Skip to main content
q&a

Speaking with artist Deanna Bowen, I learn that The Paul Good Papers (an ongoing project that will have a further iteration at the Art Gallery of York University in January, 2013) continues to generate new meanings both for her and inquisitive viewers seeking to untangle this thorny Gordian knot of race and media, original voice and reportage, lived experience and learned example.

In American TV reporter Paul Good's 1964 interviews about an Alabama school-integration incident that you are working with, Good often coaches his subjects – the local white power brokers in particular. Can this be read as a kind of complicity?

No, that's how you navigate the South, as an outsider, a northerner. You have to take care of yourself, and you can't come in finger-pointing. You do have to sweet-talk to get the story. In my own experience, southerners have to feel that you are not going to come and reprimand them for the way they live.

And, in Good's archives, he interviews black locals as well, and black civil-rights activists, plus he recorded entire Klan rallies. Good's files are quite extensive.

Is Paul Good a hero to you?

I'm indebted to him. If he didn't have the courage to witness, we would never know anything about these incidents. And he had the wherewithal to remain composed, in order to interrogate and critique the situation in the moment. So, yeah, he's a hero.

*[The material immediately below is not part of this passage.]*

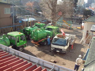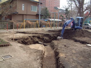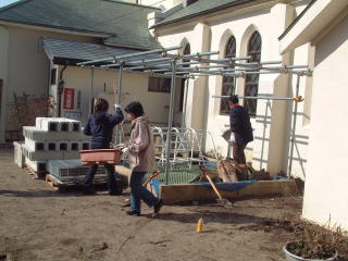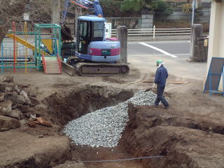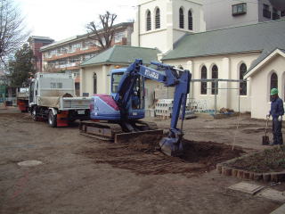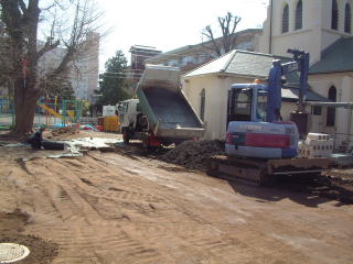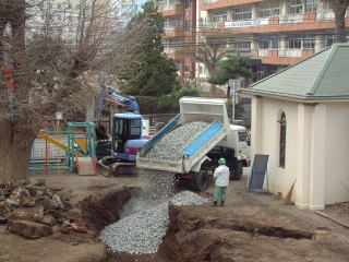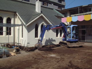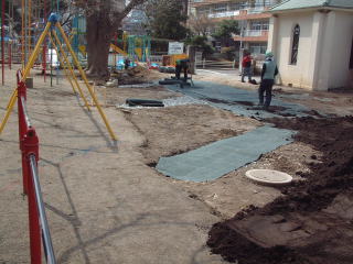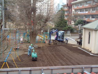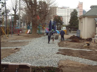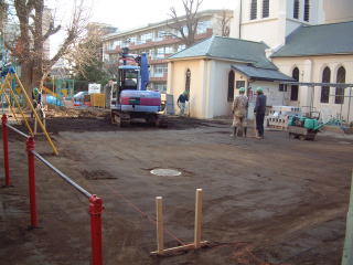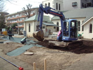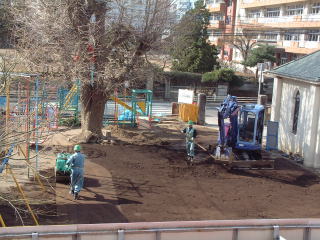 2008年3月17日から2週間、幼稚園の春休みに庭の改修工事が行なわれました。

You've inserted yourself into this history, especially via the performances. Is it difficult, emotionally?

To do this project requires so many roles, from researcher to naive spectator to interpreter to producer, which puts you in a self-conscious, creative place. But then there are moments when the words actually hit you, and it becomes a very personal engagement. And I don't like performing publicly at all! Ha! But it seems the only way to bring the work forward. It's a very raw experience.

What changes have you noticed as the performances progress?

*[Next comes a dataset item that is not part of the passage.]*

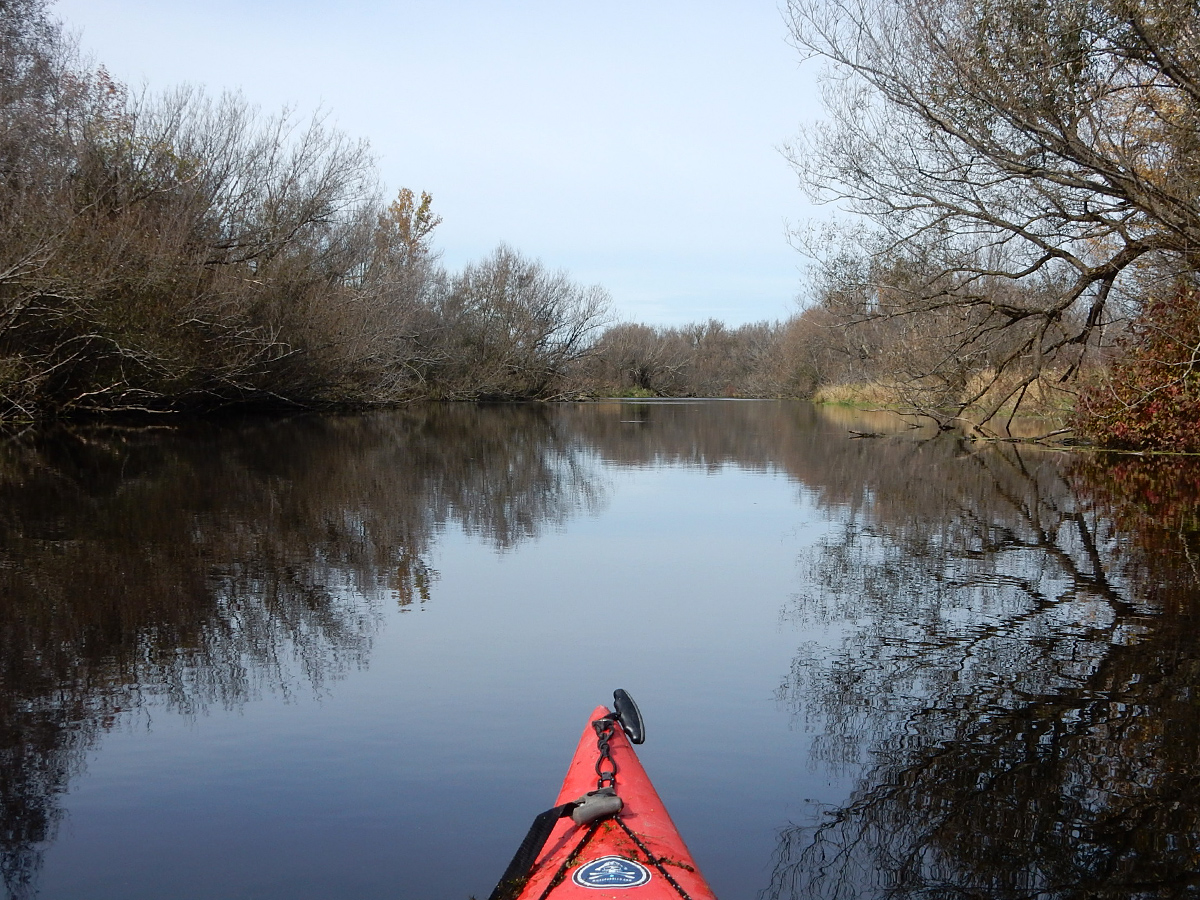 Mercifully, there’s open water again on the other side. As the river bends right, there’ll be a tight squeeze or two around some strainers, but nothing necessitating another portage. You’ll see a wide channel to the right, but it doesn’t lead to anywhere. Shortly after this, the landscape finally opens up, first with tell-tale cattails on the right. Suddenly – and it really does feel like that – you’ll see a huge open body of water on the left. When we paddled this, I wondered aloud “What the… Where the hell is that coming from?” It definitely looks like it would be the main channel, but it just isn’t. It’s simply a backwater that looks all the more deceptive on account of a long peninsula-like tree line. The tree line divides the river just about perfectly into equal halves. So, what you see on the left looks like a separate channel, but it’s a trick of the eye. Confused? We were! But if you look at the map, it’ll make sense.

The performance is rooted in an understanding of how the Ku Klux Klan spreads its message: through the repetition of rhetoric. So, we're doing the same text, every day. At first, we were terrified. The Klan had just been run out of Edmonton the week before.

What I wanted to see was whether or not the actor I paired with would find any of this ugliness inside them, after days of repetition. I wasn't including myself in this, but I should have! It starts to sit in your body.



This interview has been condensed and edited.